• _ACTIVITY_
All lines below must be repeated exactly, with the pictures omitted.

• _DATA EXCERPT_
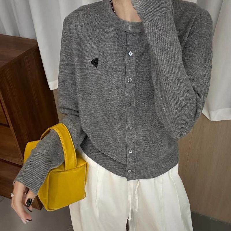 欧洲站2025年春装新款时尚撞色爱心单排扣羊毛针织开衫女韩版上衣
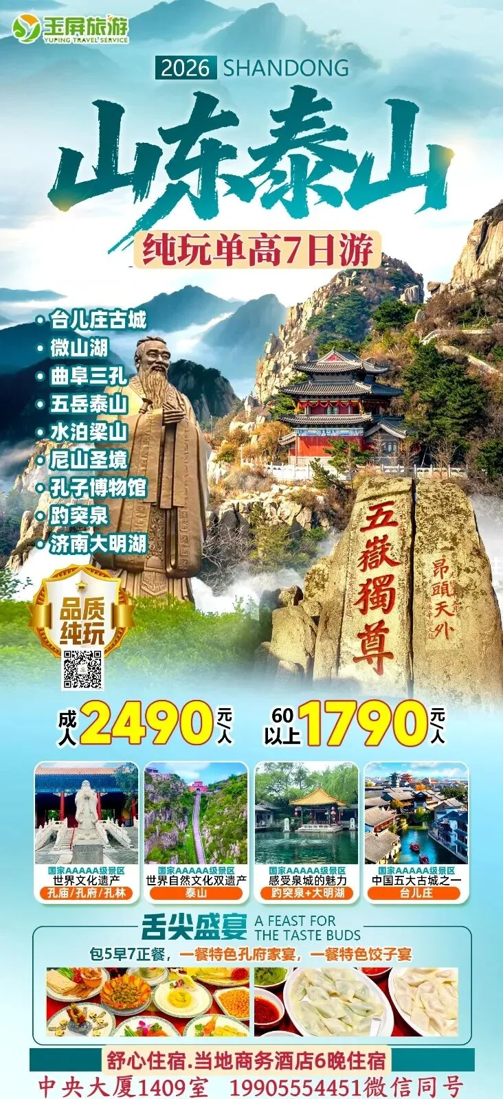 🍂 🍂 微山湖.曲阜三孔.台儿庄古城.五岳泰山.水泊梁山.尼山圣境.春秋书院.济南大明湖等7日游
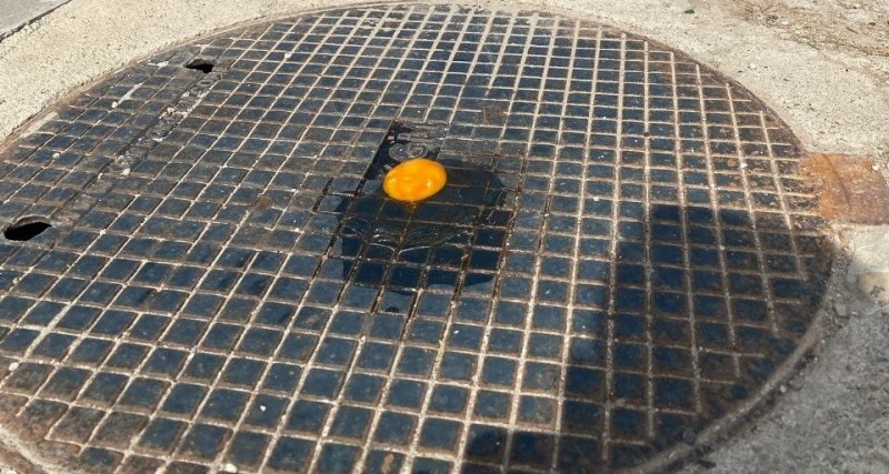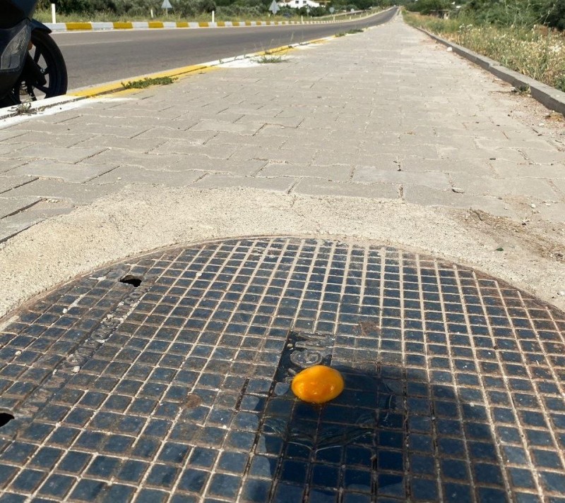 Balıkesir’in Erdek ilçesinde mevsim normallerinin üzerinde seyreden ve 45 derece olarak hissedilen sıcaklık nedeniyle vatandaşlar, sıcak havanın etkisini göstermek amacıyla asfalt ve mazgallar üzerinde yumurta pişirmeyi denedi.
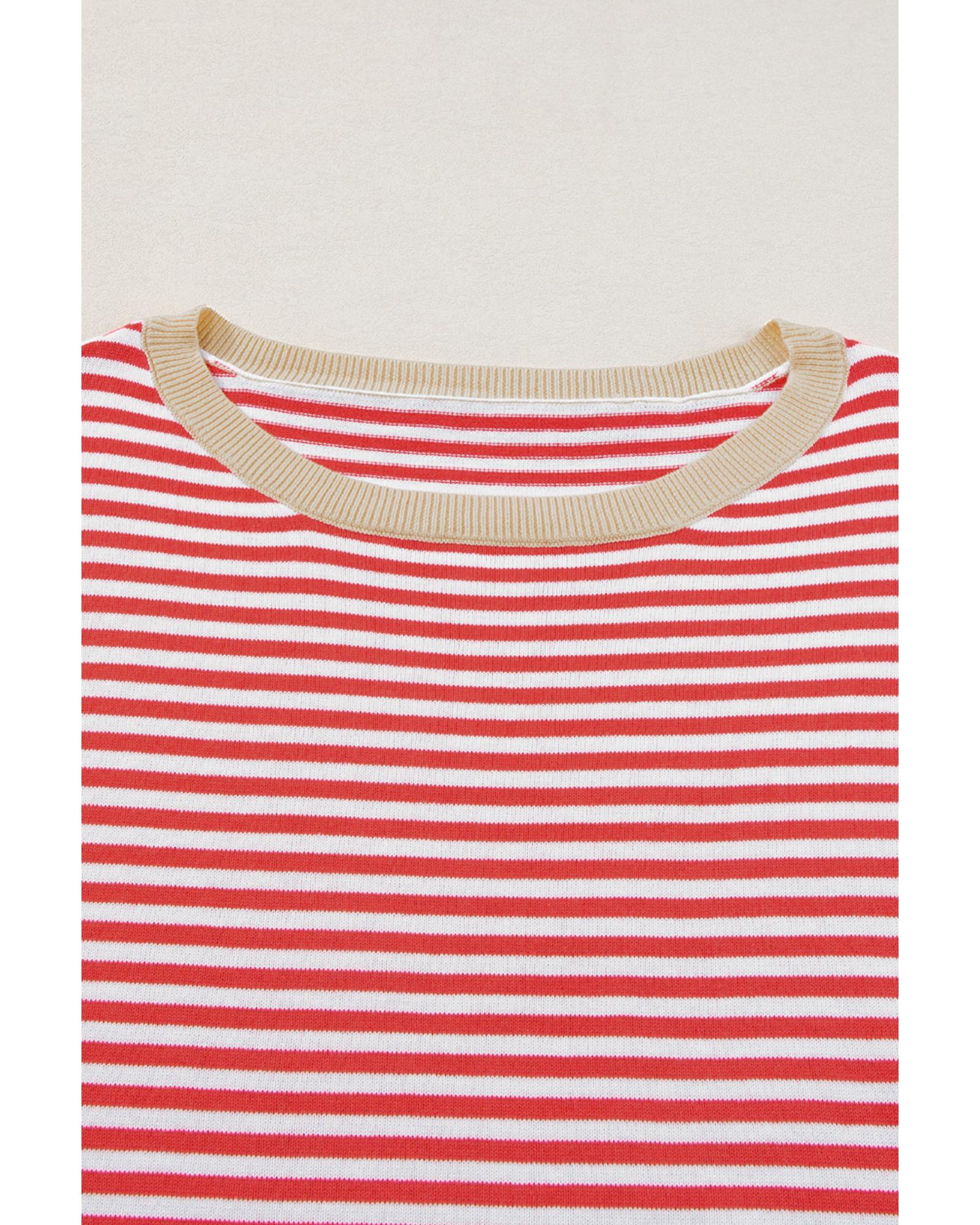 - Fiery Red Contrast Trimmed Striped Drop Shoulder Sweater

• _WRITTEN SOLUTION_
 欧洲站2025年春装新款时尚撞色爱心单排扣羊毛针织开衫女韩版上衣
 🍂 🍂 微山湖.曲阜三孔.台儿庄古城.五岳泰山.水泊梁山.尼山圣境.春秋书院.济南大明湖等7日游
 Balıkesir’in Erdek ilçesinde mevsim normallerinin üzerinde seyreden ve 45 derece olarak hissedilen sıcaklık nedeniyle vatandaşlar, sıcak havanın etkisini göstermek amacıyla asfalt ve mazgallar üzerinde yumurta pişirmeyi denedi.
 - Fiery Red Contrast Trimmed Striped Drop Shoulder Sweater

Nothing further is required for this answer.